Method for determining wireless signal strength in area, storage medium, and electronic device
Abstract
This application provides a method for determining a wireless signal strength in an area, a computer-readable storage medium, and an electronic device. The method includes: obtaining building diagram information, wherein the building diagram information comprises a position of a target signal source, a target area, size information of one or more obstacles in the target area, type information of the one or more obstacles, and image calibration information; converting the building diagram information into a polar coordinate system; determining an attenuation amount of a target pixel based on the size information, the type information, the image calibration information, and a propagation path in the polar coordinate system, wherein the propagation path penetrates at least part of the one or more obstacles; and determining a signal strength of the target pixel based on a signal strength of the target signal source and the attenuation amount of the target pixel.
Claims
exact text as granted — not AI-modifiedWhat is claimed is:
1 . A method for determining a wireless signal strength in an area, comprising:
obtaining first building diagram information in a rectangular coordinate system, wherein the first building diagram information comprises a position of a target signal source, a target area corresponding to the target signal source, size information of one or more obstacles in the target area, type information of the one or more obstacles, and image calibration information; converting the first building diagram information into a second building diagram information in a polar coordinate system, wherein the position of the target signal source is a pole of the polar coordinate system; determining an attenuation amount of a target pixel in the target area based on the size information, the type information, the image calibration information, and a propagation path in the polar coordinate system, through which a target signal transmitted by the target signal source is propagated to the target pixel, wherein the propagation path penetrates at least part of the one or more obstacles; and determining a signal strength of the target pixel based on a signal strength of the target signal source and the attenuation amount of the target pixel.

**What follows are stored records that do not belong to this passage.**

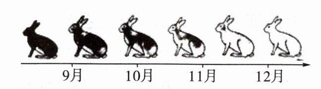 9. (2021·河南)雪兔生活在高纬度地区,随季节更替有“换装”行为。如图所示为雪兔的毛色由深到浅的“换装”过程。关于此行为的说法不正确的是( )。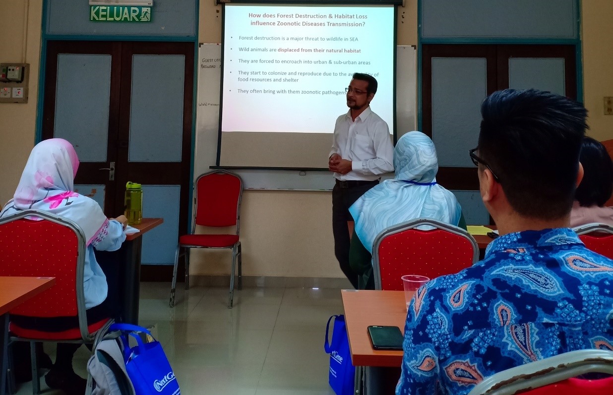 This lecture was given by Dr Reuben Sunil Kumar Sharma, veterinarian and veterinary parasitologist from the University Putra Malaysia. In the initial session, Dr Reuben Sunil Kumar Sharma pointed out that forest destruction is a major threat to wildlife in Southeast Asia, which includes the long-tailed macaques. The macaques are being displaced from their natural habitats, being forced to encroach into urban and suburban areas. Subsequently, they have started to colonise and reproduce due to the availability of food resources and shelter. This situation narrows the gap between the human-wildlife interface, and therefore, the zoonotic wildlife diseases are more common due to increased proximity between the infectious agent, host, environment and vector.
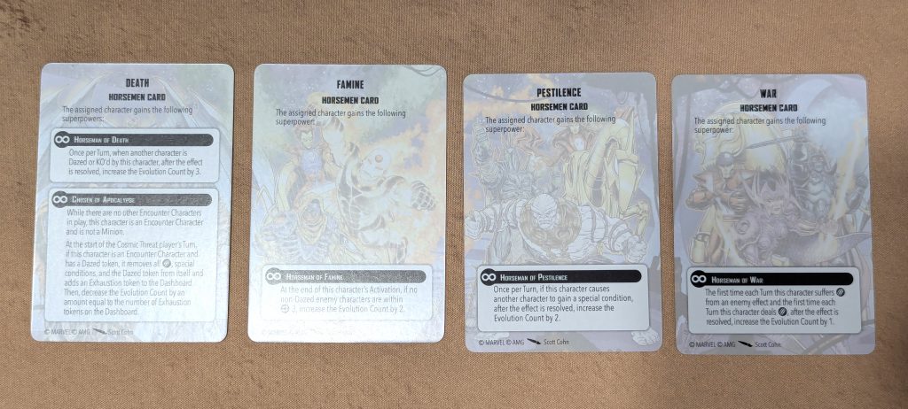 The players will want to balance out their character choices between people who can move around quickly to place Sabotage tokens and folks who can dish out some damage to thin out Horsemen and handle Apocalypse later in the game.

2 . The method according to claim 1 , wherein the attenuation amount comprises a dielectric attenuation amount, and the dielectric attenuation amount indicates a decrease in the signal strength caused by the at least part of the one or more obstacles; and
the determining the attenuation amount of the target pixel based on the size information, the type information, the image calibration information, and the propagation path comprises: determining the dielectric attenuation amount based on a number of times that the at least part of the one or more obstacles is penetrated, the size information, and the type information.
3 . The method according to claim 2 , wherein the determining the dielectric attenuation amount based on the number of times that the at least part of the one or more obstacles is penetrated, the size information, and the type information comprises:
determining, based on the size information, one or more target polylines corresponding to the one or more obstacles; and determining the dielectric attenuation amount based on the number of times that the one or more target polylines are penetrated, the size information, and the type information.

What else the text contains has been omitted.